* TASK TO CARRY OUT *
The data below should be restated word for word, with every picture omitted.

* SOURCE MATERIAL *
============

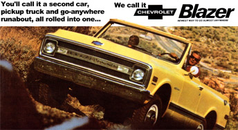 Deluxe equipped trucks had optional upper and lower trim along side of body. Custom equipped trucks had black banded lower trim. CST equipped trucks had woodgrain banded lower trim. First year for foot operated parking brake. First year for the Blazer.
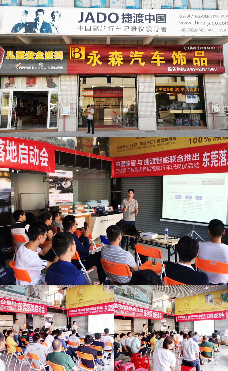 據悉,參加此次啟動會的有:中國聯通(廣東)深圳分公司領導、JADO捷渡智能(中國)南部戰區第一特戰組負責人、JADO捷渡智能(中國)東莞戰略合作伙伴永森汽車用品公司領導以及當地50多位戰略合作伙伴,集聚一堂。從終端活動的組織策劃、實際執行以及后期跟蹤做了統一部署和安排,以保障給車主帶來更完美的體驗。
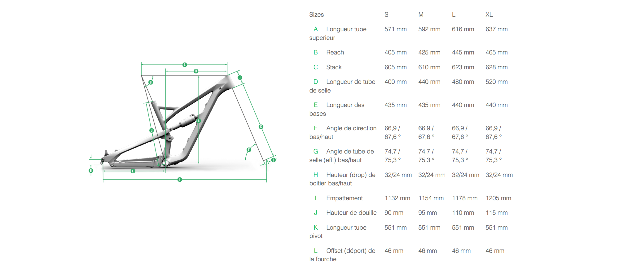 Oui, vous avez bien lu : c’est assez rare que pour être souligné, les bases du YT Jeffsy sont allongées sur les grandes tailles pour garder le même type de comportement et éviter un déséquilibre avec l’avant de la machine. Ce n’est que de 5mm mais tout de même…
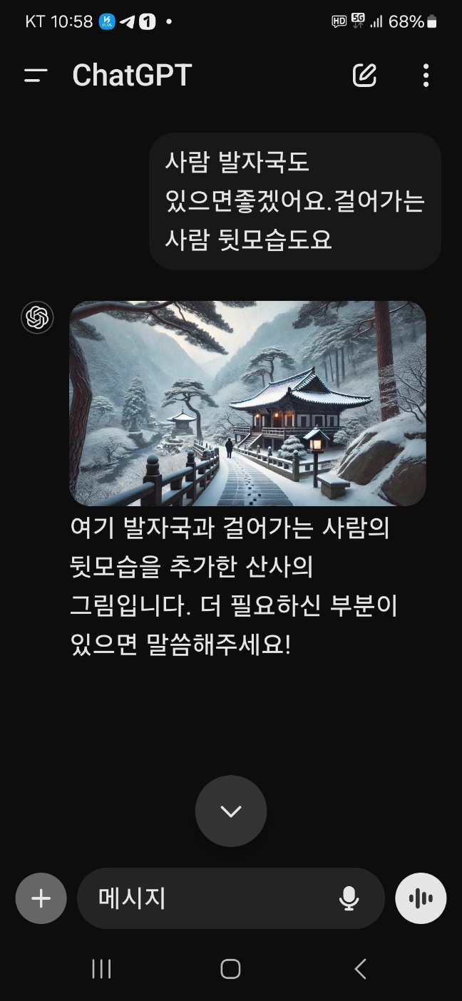 ChatGPT 그림솜씨kdy8998kk (80)in #kr • last year 눈 내린 고요한 산사의 그림 좀 그려주세요~ 순식간에 적막이 흐르는 고요한 산사 그림을 그려주는 ChatGPT! 세상은 이제 AI가 책도 쓰고 영화도 제작하고 ..... 변화는 이미 우리가 미처 알아채지 못한 분야까지 깊숙히 진행중이다~ AI와 친숙해져야 할 것 같다. #krsuccess #steem

============

* EXERCISE SOLUTION *
 Deluxe equipped trucks had optional upper and lower trim along side of body. Custom equipped trucks had black banded lower trim. CST equipped trucks had woodgrain banded lower trim. First year for foot operated parking brake. First year for the Blazer.
 據悉,參加此次啟動會的有:中國聯通(廣東)深圳分公司領導、JADO捷渡智能(中國)南部戰區第一特戰組負責人、JADO捷渡智能(中國)東莞戰略合作伙伴永森汽車用品公司領導以及當地50多位戰略合作伙伴,集聚一堂。從終端活動的組織策劃、實際執行以及后期跟蹤做了統一部署和安排,以保障給車主帶來更完美的體驗。
 Oui, vous avez bien lu : c’est assez rare que pour être souligné, les bases du YT Jeffsy sont allongées sur les grandes tailles pour garder le même type de comportement et éviter un déséquilibre avec l’avant de la machine. Ce n’est que de 5mm mais tout de même…
 ChatGPT 그림솜씨kdy8998kk (80)in #kr • last year 눈 내린 고요한 산사의 그림 좀 그려주세요~ 순식간에 적막이 흐르는 고요한 산사 그림을 그려주는 ChatGPT! 세상은 이제 AI가 책도 쓰고 영화도 제작하고 ..... 변화는 이미 우리가 미처 알아채지 못한 분야까지 깊숙히 진행중이다~ AI와 친숙해져야 할 것 같다. #krsuccess #steem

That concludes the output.